Dost thou know who made thee?
Gave thee life and bid thee feed
By the stream and o’er the mead;
Gave thee clothing of delight,
Softest clothing, woolly, bright;
Gave thee such a tender voice,
Making all the vales rejoice.
Little Lamb, who made thee?
Dost thou know who made thee?

Little Lamb, I’ll tell thee,
Little Lamb, I’ll tell thee:
He is called by thy name,
For he calls himself a Lamb.
He is meek and he is mild,
He became a little child.”

The second reason we should care is that we are, physically, what we eat and drink.
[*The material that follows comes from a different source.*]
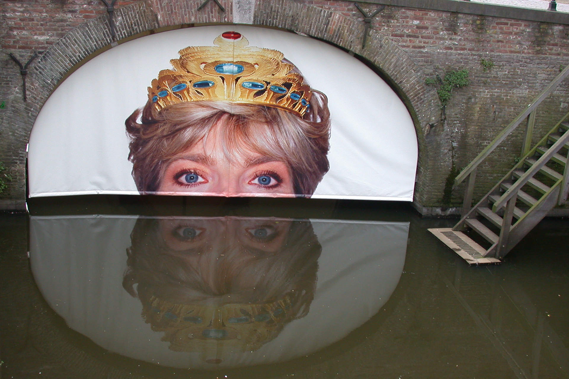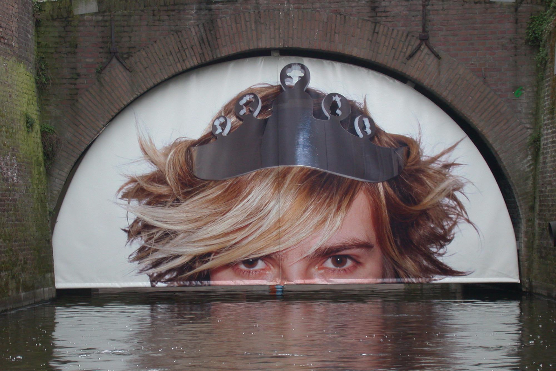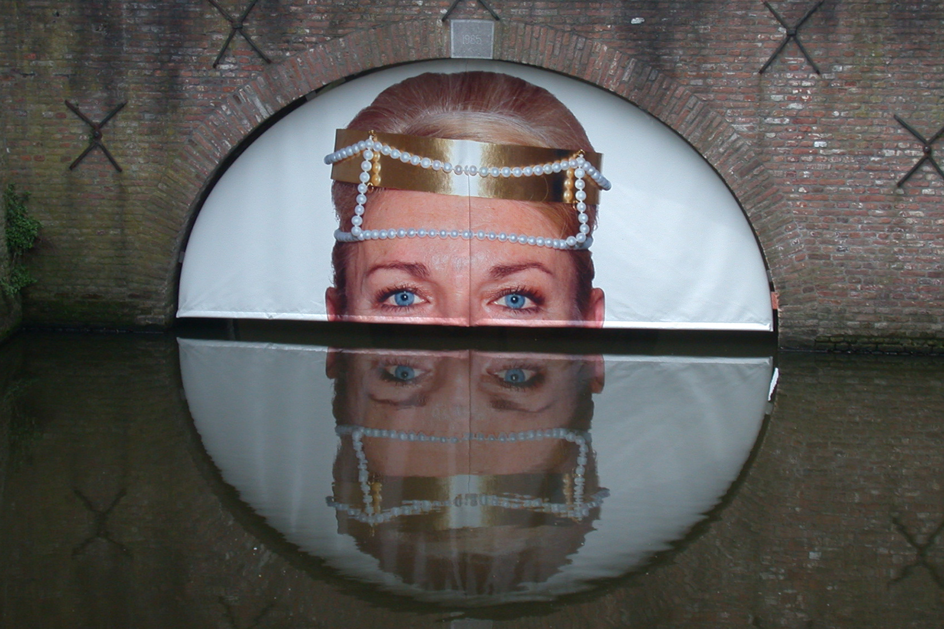 Het Kruithuis (a museum with a focus on contemporary jewellery) set a competition for 20 Dutch jewellery designers to create a winning design for a tiara for Princess Maxima. studio VOLLAERSZWART was commissioned to design an exhibition sowcasing the designs on the Dieze canal in Den Bosch. The 20 tiara designs were photographed and presented under the Dieze’s bridges. Exhibition visitors were taken on a boat trip around the city to see the photos. The actual tiaras were exhibited in the Museum

So we need to be concerned about the food chain. Food produced in forced circumstances, sometimes with the addition of chemicals, is unlikely to enhance our health. People often speculate about the prevalence of cancer today. There may well be a link between such prevalence and the factory farm syndrome.
Modern life has become so complex. Food production is just another worry in the mix.